Plaintiffs raise legitimate concerns regarding the “Excluded Claims” provision. That provision preserves access to administrative agencies but states that an employee may not seek or receive monetary compensation from such proceedings. (Opposition, pp. 8–9.)
Even assuming this provision is substantively unconscionable, it does not defeat the motion, because it is severable. California law strongly prefers severing a single offending term and enforcing the balance of the agreement. (Ramirez, supra, 16 Cal.5th at p. 513.) The central purpose of the Agreement is to arbitrate employment disputes on an individual basis, and that purpose is not tainted by the “Excluded Claims” provision, which is collateral and may be excised without reformation. (Id. at pp. 515–516.)

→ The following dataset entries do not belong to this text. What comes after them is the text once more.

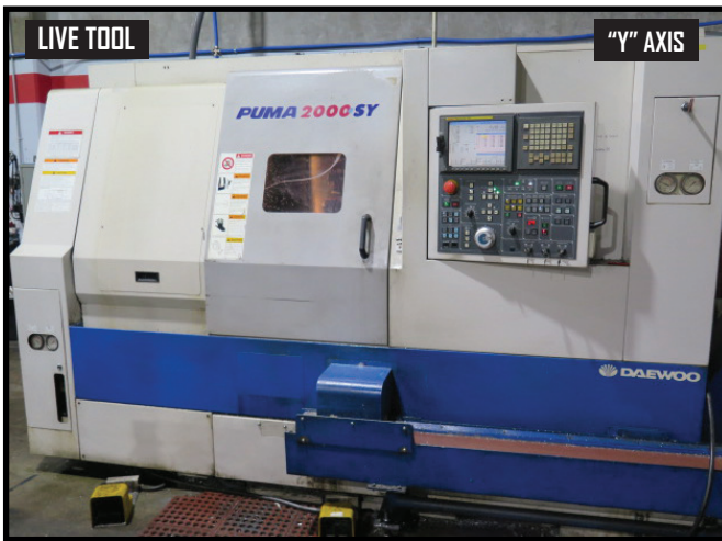
2004 Daewoo PUMA 2000SY Twin Spindle CNC Turning Center w/ Fanuc 18i-TB Controls, Tool Presetter, 12/24-Station Live Turret
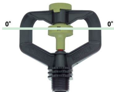
Upright - 0° Trajectory (Khaki Spinner)
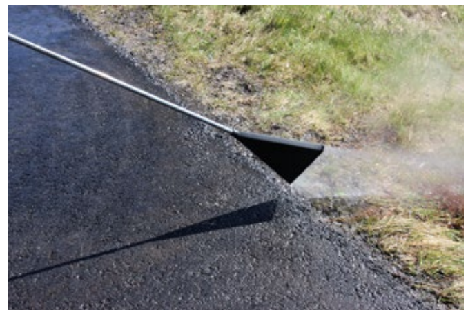
Optional weed control nozzle kit WD 01
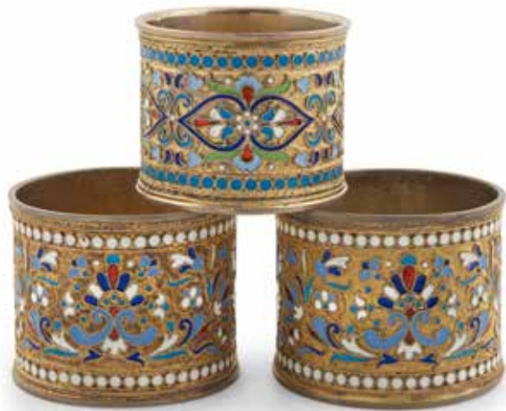
62 PROPERTY OF VARIOUS OWNERS THREE RUSSIAN SILVER AND ENAMEL NAPKIN RINGS Early 20th century The largest diameter 2in (5cm). $1,500 - 2,000
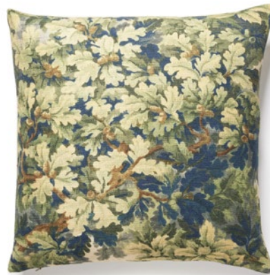
BOIS DE CHÈNE
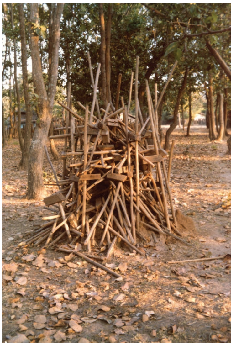
FIGURE 9. Piles of stilts at the outskirts of a village, 2002.

these choreographies were already being performed ritually in the villages. 29 However, as deity-instruments, the rattle-stilts used to be built exclusively at the beginning of the monsoon and had to be ritually broken at the end of the monsoon on the stone of Goronđi Deo (lit. the “stilt deity”) to whom offerings and sacrifice were made by the ghoṭul members (ELWIN 1947; PRÉVÔT 2005). This is still the case in many villages (see FIGURE 9). However, the status of the performance and the instrument have already changed. The competition, among other influences, therefore has a direct impact on village ritual practices.
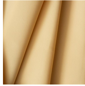
BIOTAM Mais 37
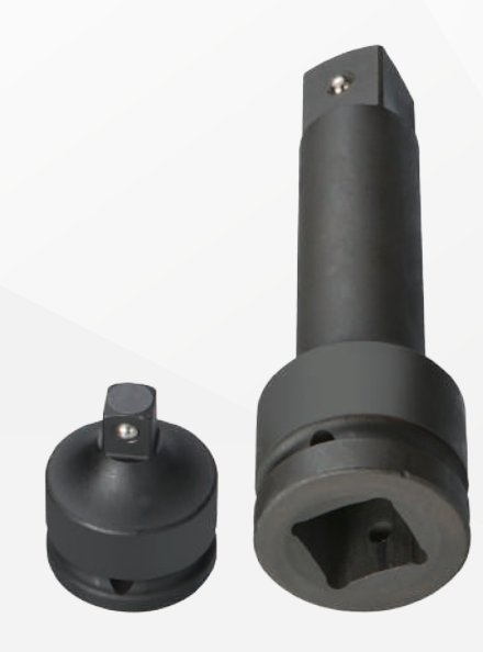
Impact Adapter Impact Extension
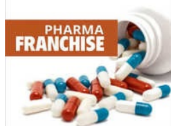
Allopathic PCD Pharma Franchise
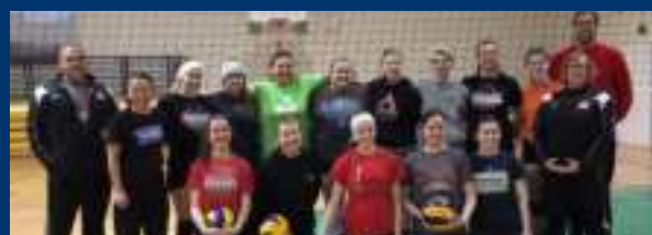
Women's Volleyball Selection Camp Edmonton, AB
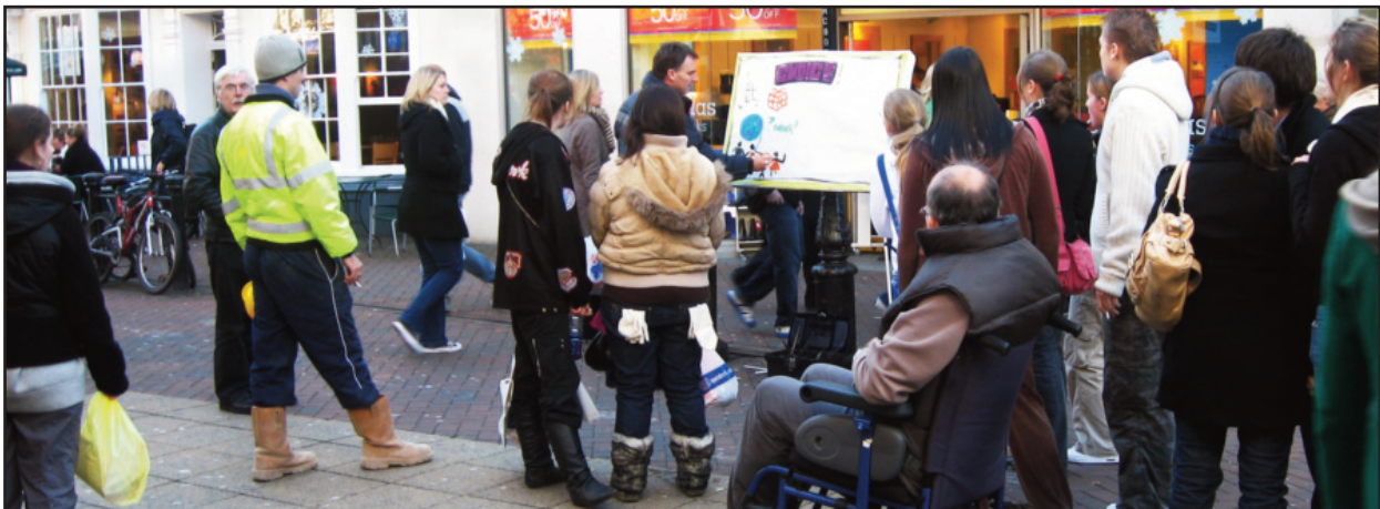
BUSY SIDEWALKS PROVIDE A VARIETY OF OPPORTUNITIES WHERE THE GOSPEL CAN BE PROCLAIMED
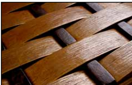
DETAIL BRONZE BROWN WEAVE WITH STATUARY BRICK
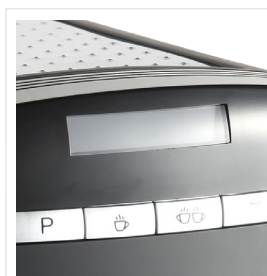
Display Dialog System
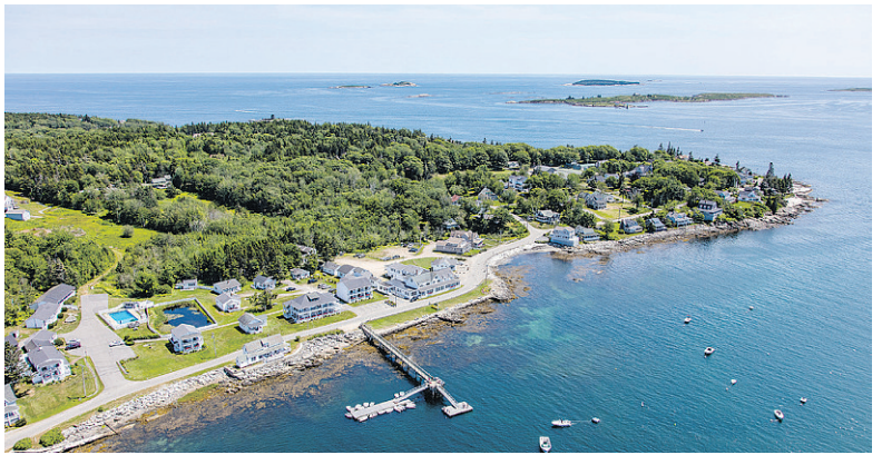
The picturesque Ocean Point Inn & Resort in East Boothbay, Me., has a variety of family-friendly accommodations. OCEAN POINT INN

home to shops, an 18-hole golf course, the Maine State Aquarium and the impressive Coastal Maine Botanical Gardens — one of New England's most impressive preserves of flora.
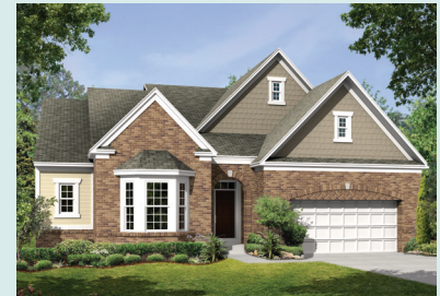
Elevation B shown w/ opt. full brick front

The Agreement contains a severability clause, and the interests of justice favor severance. (Reply, pp. 9–10.) The Court severs the “Excluded Claims” provision to the extent it limits any statutory monetary remedy and enforces the balance of the Agreement. The Court finds that the Agreement, as enforced, is not unconscionable.
VI.
Conclusion
For the reasons stated, the Court GRANTS IN PART and DENIES IN PART the motion to compel arbitration. The Court compels each Plaintiff’s individual claims to arbitration. The Court STAYS the non-individual, representative claims pending the completion of the arbitrations.
Case Management Conference July 15, 2026 at 2:30 p.m. is VACATED. Further Case Management Conference for review pending arbitration is set on February 24, 2027 at 2:30 p.m. Defendant shall prepare the order in accordance with California Rules of Court, rule 3.1312.